We've written a number of one-off content translators that usually involve adapting old scripts to new circumstances. In a recent conversion we found making two sites useful where the second site records the difficulties and solutions used to produce the first. This replaces console.log with hypertext.
See where I wrote more about this.
We've written many times about various import processes, some real, others imagined, often with shared code.
Import Documents — earliest examples explained
Import Annotations — provenance of imported data
Round Trip Import — using hidden item properties
Import, Quotation and Reference — tracking copyrights
We chose one specific publication as our test case, a Joshua favorite but now retired blog, Programming in the Twenty-First Century. site
We chose also to work in small increments creating new pages for each experiment. We are looking for a process similar to test-driven design where the history we leave behind remains executable as a supplement to the history we leave in source-code control. github
Our source was in html so we would have to read at least the subset used in the blog, now a static corpus. We begin by separating original content from boilerplate expanded from the blog's template. Div c1 and c2 stand for columns one and two.
We wrote a fit-for-purpose html parser that first separated tags from non-tags, then reassembled these into a tree based on distinguishing open from close tags.
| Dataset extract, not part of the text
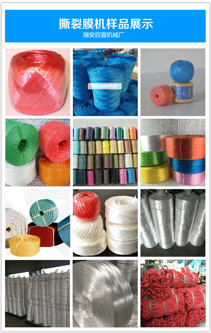 適用于PP和PE的新料、再生料(聚和聚)生產(chǎn)各種規(guī)格撕裂膜和捆扎繩。
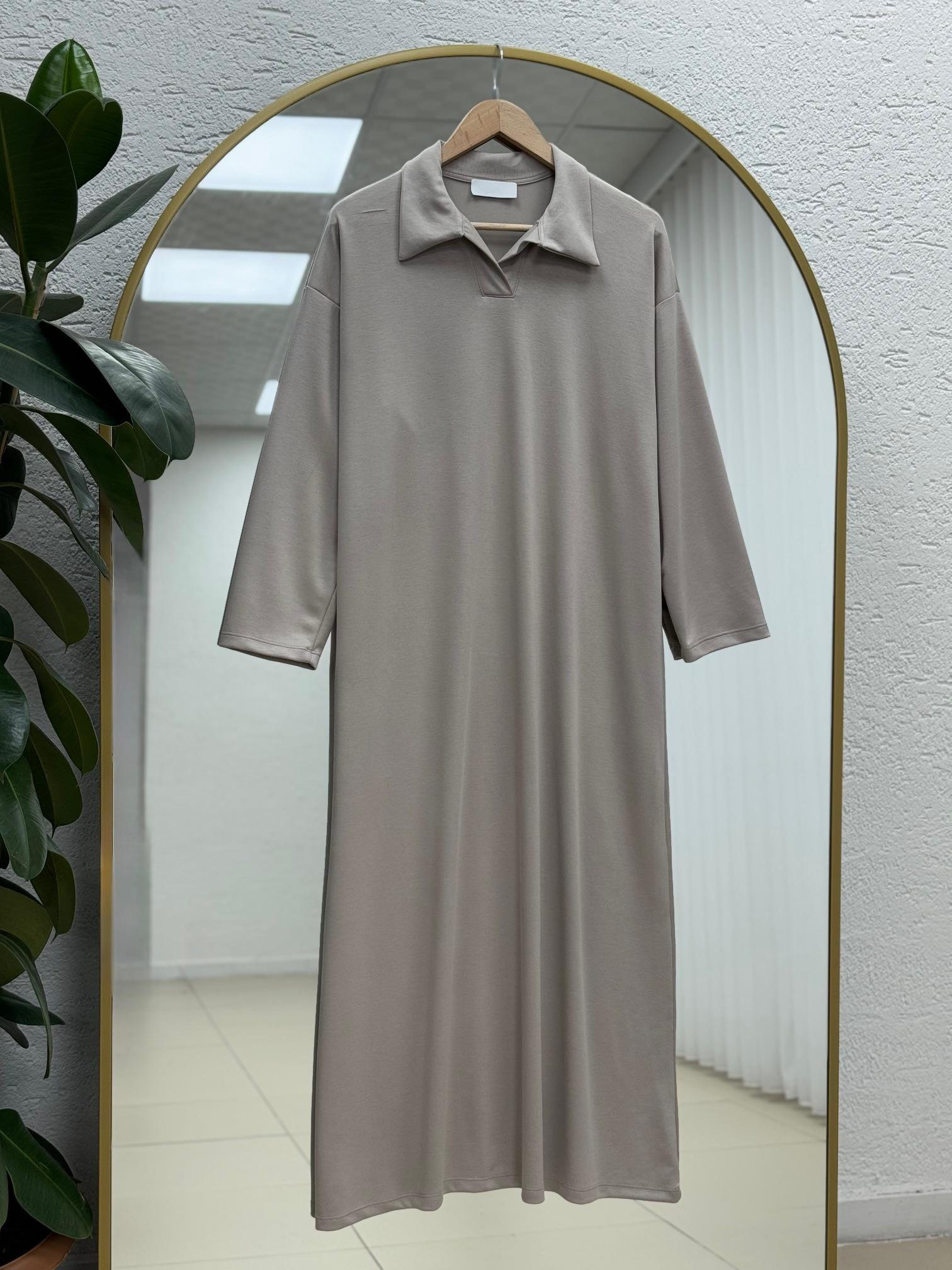 Lunedra Polo Yaka Elbise-NA2405 Taş

From this we could search for c1 and then p and pre tags within it.
We created a second metasite using a top-down approach guided by type declarations for the parts we felt we now understood. These we implemented with proven code borrowed from the first site.
One question arose immediately: when would the transformation happen? We chose early, in the init, creating a brief pause each time the server started.
Almost as an after thought we added a table of contents. We were converting pages asynchronously and in no particular order. We extended one type with the post number extracted from the source file name to sequence our list of titles.
The original author's titles read more like headlines which made for a hollow list of contents. We enriched this list by picking the first paragraph from each translated page, the synopsis in wiki lingo, and add up to 160 characters of this to each page title. Now we had a concise blog history.